DATA EXCERPTS: Begin

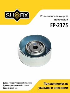 Ролик направляющий/приводной SUFIX FP-2375. Применение: MITSUBISHI ASX 2.0 10>/L200 2.4D 14>/Lancer(CY/CX) 1.8 08>/Outlander/Airtrek III 2.0-2.4 12>/Pajero Sport III 2.4D 15>.
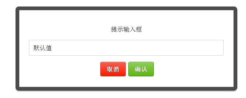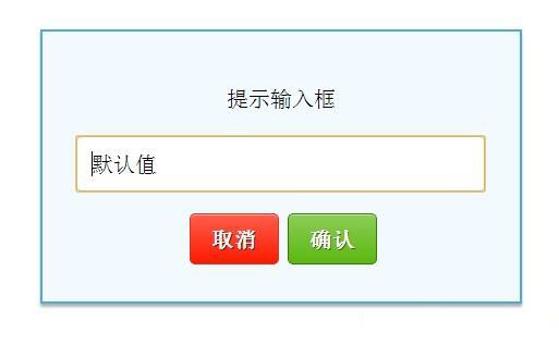 1 2 3 4 5 6 7 8 9 10 11 12 13 14 15 16 17 18 19 20 21 22 23 24 25 26 27 28 29 30 31 32 33 34 35 36 37 38 39 40 41 42 43 44 45 46 var $ = function (id) { return document.getElementById(id); }, //初始化操作 reset = function () { alertify.set({ labels : { ok : "確認", cancel : "取消" }, delay : 5000, buttonReverse : false, buttonFocus : "ok" }); }; //綁定 $("alert").onclick = function () { reset(); alertify.alert("提示框"); return false; }; //綁定 $("confirm").onclick = function () { reset(); alertify.confirm("確認框", function (e) { if (e) { alertify.success("點擊確認"); } else { alertify.error("點擊取消"); } }); return false; }; //綁定 $("prompt").onclick = function () { reset(); alertify.prompt("提示輸入框", function (e, str) { if (e) { alertify.success("點擊確認,輸入內容為: " + str); } else { alertify.error("點擊取消"); } }, "默認值"); return false; };顯示結果(輸入提示框):
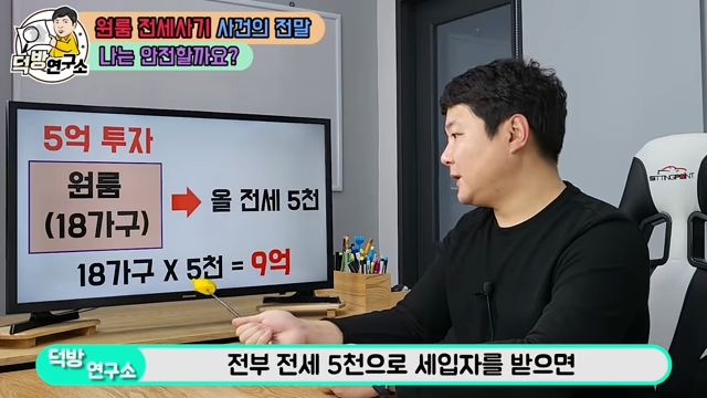 그러면 18가구 원룸을 전부 전세 5천으로 세입자를 받게 되면 큰 돈이 들어오게 되고 계속 원룸을 매입하게 되면서 돈을 빌리고 그러는 동안 계약기간이 끝나 전세금을 돌려 못받은 세입자는 하나둘씩 늘어나게 되고 목표했던 금액을 다 챙기고 난 뒤 원룸 시세가 오를 줄 알고 갭투자를 하엿는데 실패를 했다 보증금을 내줄 돈이 없다면서 사기를 치게 됩니다.
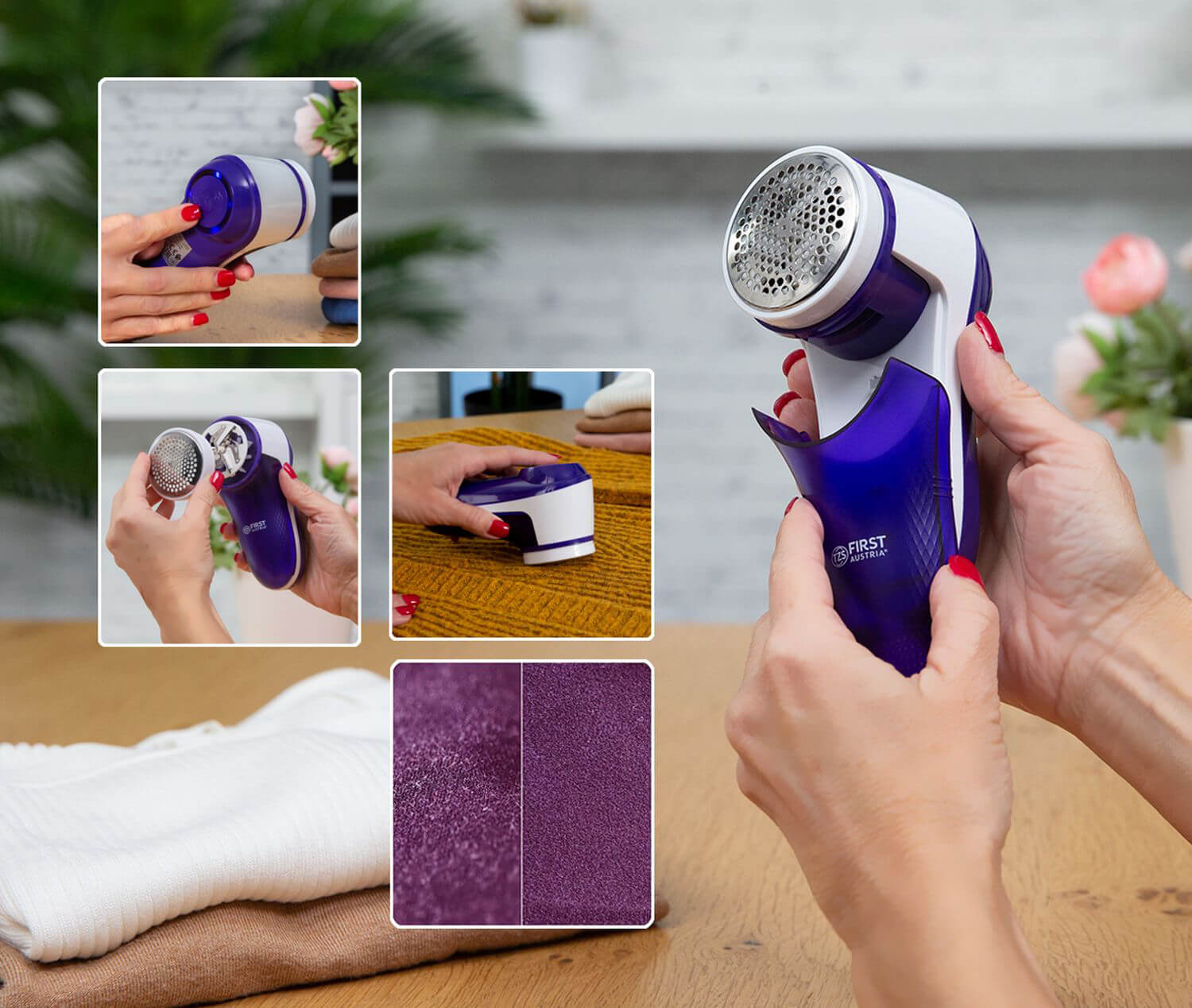 Gründlich, schonend und schnell arbeitet der solide Flusenentferner mit drei scharfen Klingen. Konzipiert für den effizienten Gebrauch auf Textilien aller Art, lassen sich dank großzügiger Klingenoberfläche kleine oder mittlere Kleidungsstücke ebenso behandeln wie Decken, Kissen oder Überwürfe. Sogar Polstermöbel und Autositze sehen nach einer erfolgreichen Fusselrasur wieder schön gepflegt aus und fühlen sich angenehm glatt an. Der positive Nebeneffekt: Das Gerät entfernt auch gleich andere Störfaktoren wie Tierhaare, Staubflecken und Schuppen. Aus robustem Kunststoff mit abnehmbarem Auffangbehälter gefertigt und leise im Betrieb. Ideal auch für die Reise. Inklusive Ladekabel.
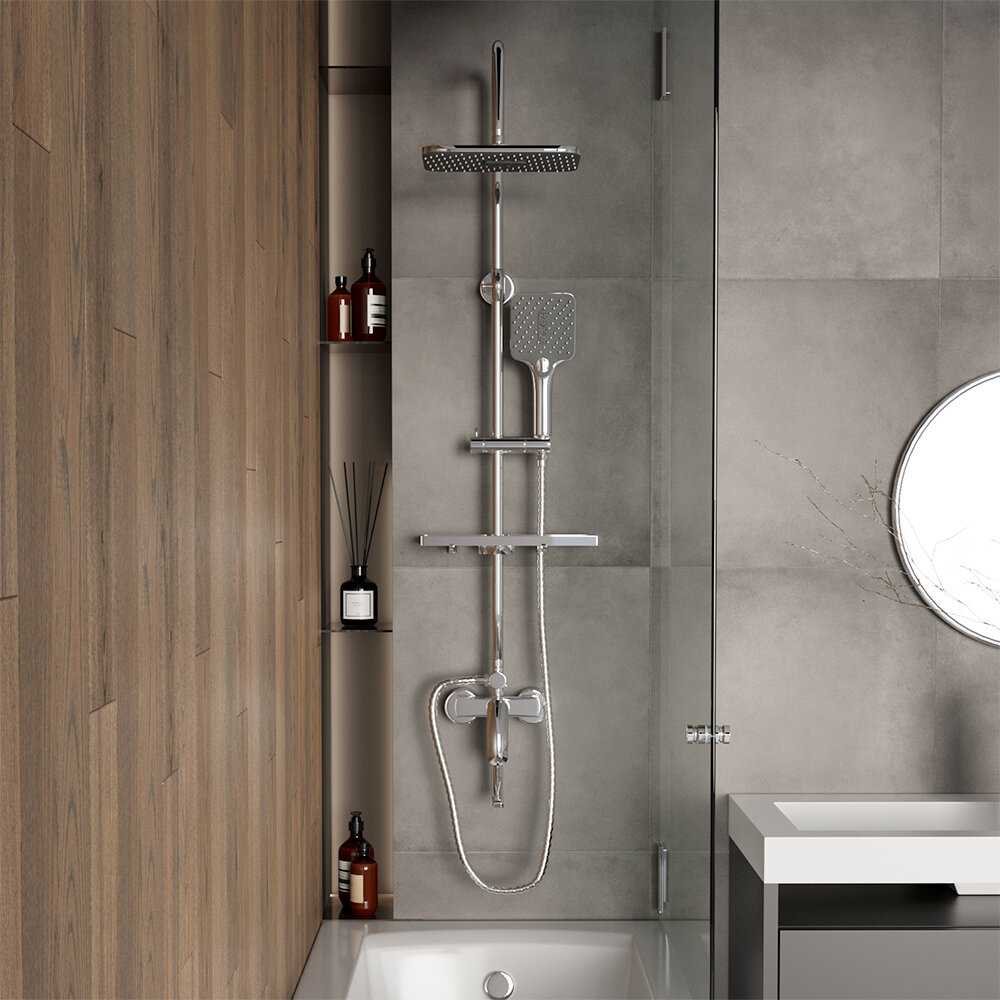 | Комплектация : | верхний душ, держатель лейки, дивертор, душевая стойка, душевая штанга, лейка, набор эксцентриков, отражатель, полочка |
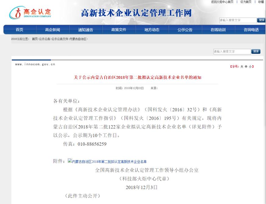 在全体员工的共同努力下,我司于2018年11月底通过内蒙古自治区2018年高新技术企业认定,于2018年12月3日在 高新技术企业认定管理工作网上公示。
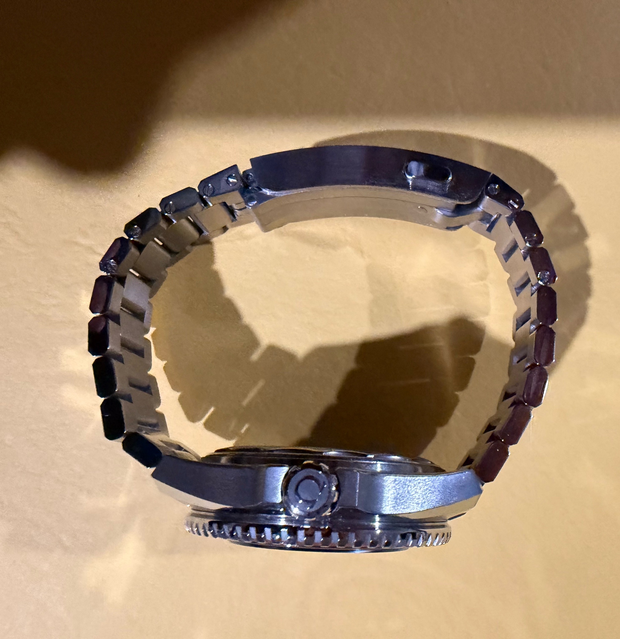 As an owner of the 2500, PO Chrono and the PO GMT I like SHOM like angularity of the case. I was a bit put off by the bracelet when I tried it on. I really wished that they had addressed the valve issue in the way they did with PLOPROF or Rolex did. I never minded the extra crown. All of that being said my ideal iteration would either be a ceramic version with a rubber strap, the “Bond” mesh bracelet with steel and I would like to see a gradient fume style dial…something really distinctive so I
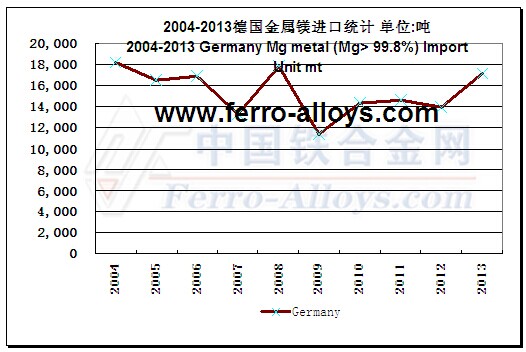 2004-2013�‡������V��Mg99.8%���ϣ��M(j��n)�ڽy(t��ng)Ӌ 2004-2013 Germany Mg Metal (Mg>99.8%) Import Statistic
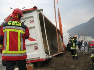 Der Fahrer konnte sich selber aus der Fahrerkabine befreien, und war nur leicht verletzt. So bestand für die Feuerwehr die Aufgabe das Erdmaterial auszuräumen und das Fahrzeug wieder auf die Räder zu stellen. Der Verkehr wurde während des Einsatzes von der Stadtpolizei geregelt.
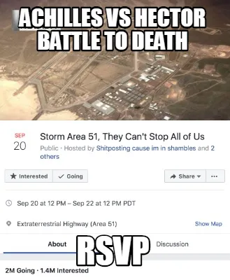 Make your own "Funny achilles vs hector battle to death rsvp" meme with MemeCreator's free online meme generator. Add text, stickers, and drawings — then download or share. No watermark, no sign-up required.

DATA EXCERPTS: End

### EXERCISE
What you return must match each record exactly and contain no images.

### TASK OUTPUT
 Ролик направляющий/приводной SUFIX FP-2375. Применение: MITSUBISHI ASX 2.0 10>/L200 2.4D 14>/Lancer(CY/CX) 1.8 08>/Outlander/Airtrek III 2.0-2.4 12>/Pajero Sport III 2.4D 15>.
 1 2 3 4 5 6 7 8 9 10 11 12 13 14 15 16 17 18 19 20 21 22 23 24 25 26 27 28 29 30 31 32 33 34 35 36 37 38 39 40 41 42 43 44 45 46 var $ = function (id) { return document.getElementById(id); }, //初始化操作 reset = function () { alertify.set({ labels : { ok : "確認", cancel : "取消" }, delay : 5000, buttonReverse : false, buttonFocus : "ok" }); }; //綁定 $("alert").onclick = function () { reset(); alertify.alert("提示框"); return false; }; //綁定 $("confirm").onclick = function () { reset(); alertify.confirm("確認框", function (e) { if (e) { alertify.success("點擊確認"); } else { alertify.error("點擊取消"); } }); return false; }; //綁定 $("prompt").onclick = function () { reset(); alertify.prompt("提示輸入框", function (e, str) { if (e) { alertify.success("點擊確認,輸入內容為: " + str); } else { alertify.error("點擊取消"); } }, "默認值"); return false; };顯示結果(輸入提示框):
 그러면 18가구 원룸을 전부 전세 5천으로 세입자를 받게 되면 큰 돈이 들어오게 되고 계속 원룸을 매입하게 되면서 돈을 빌리고 그러는 동안 계약기간이 끝나 전세금을 돌려 못받은 세입자는 하나둘씩 늘어나게 되고 목표했던 금액을 다 챙기고 난 뒤 원룸 시세가 오를 줄 알고 갭투자를 하엿는데 실패를 했다 보증금을 내줄 돈이 없다면서 사기를 치게 됩니다.
 Gründlich, schonend und schnell arbeitet der solide Flusenentferner mit drei scharfen Klingen. Konzipiert für den effizienten Gebrauch auf Textilien aller Art, lassen sich dank großzügiger Klingenoberfläche kleine oder mittlere Kleidungsstücke ebenso behandeln wie Decken, Kissen oder Überwürfe. Sogar Polstermöbel und Autositze sehen nach einer erfolgreichen Fusselrasur wieder schön gepflegt aus und fühlen sich angenehm glatt an. Der positive Nebeneffekt: Das Gerät entfernt auch gleich andere Störfaktoren wie Tierhaare, Staubflecken und Schuppen. Aus robustem Kunststoff mit abnehmbarem Auffangbehälter gefertigt und leise im Betrieb. Ideal auch für die Reise. Inklusive Ladekabel.
 | Комплектация : | верхний душ, держатель лейки, дивертор, душевая стойка, душевая штанга, лейка, набор эксцентриков, отражатель, полочка |
 在全体员工的共同努力下,我司于2018年11月底通过内蒙古自治区2018年高新技术企业认定,于2018年12月3日在 高新技术企业认定管理工作网上公示。
 As an owner of the 2500, PO Chrono and the PO GMT I like SHOM like angularity of the case. I was a bit put off by the bracelet when I tried it on. I really wished that they had addressed the valve issue in the way they did with PLOPROF or Rolex did. I never minded the extra crown. All of that being said my ideal iteration would either be a ceramic version with a rubber strap, the “Bond” mesh bracelet with steel and I would like to see a gradient fume style dial…something really distinctive so I
 2004-2013�‡������V��Mg99.8%���ϣ��M(j��n)�ڽy(t��ng)Ӌ 2004-2013 Germany Mg Metal (Mg>99.8%) Import Statistic
 Der Fahrer konnte sich selber aus der Fahrerkabine befreien, und war nur leicht verletzt. So bestand für die Feuerwehr die Aufgabe das Erdmaterial auszuräumen und das Fahrzeug wieder auf die Räder zu stellen. Der Verkehr wurde während des Einsatzes von der Stadtpolizei geregelt.
 Make your own "Funny achilles vs hector battle to death rsvp" meme with MemeCreator's free online meme generator. Add text, stickers, and drawings — then download or share. No watermark, no sign-up required.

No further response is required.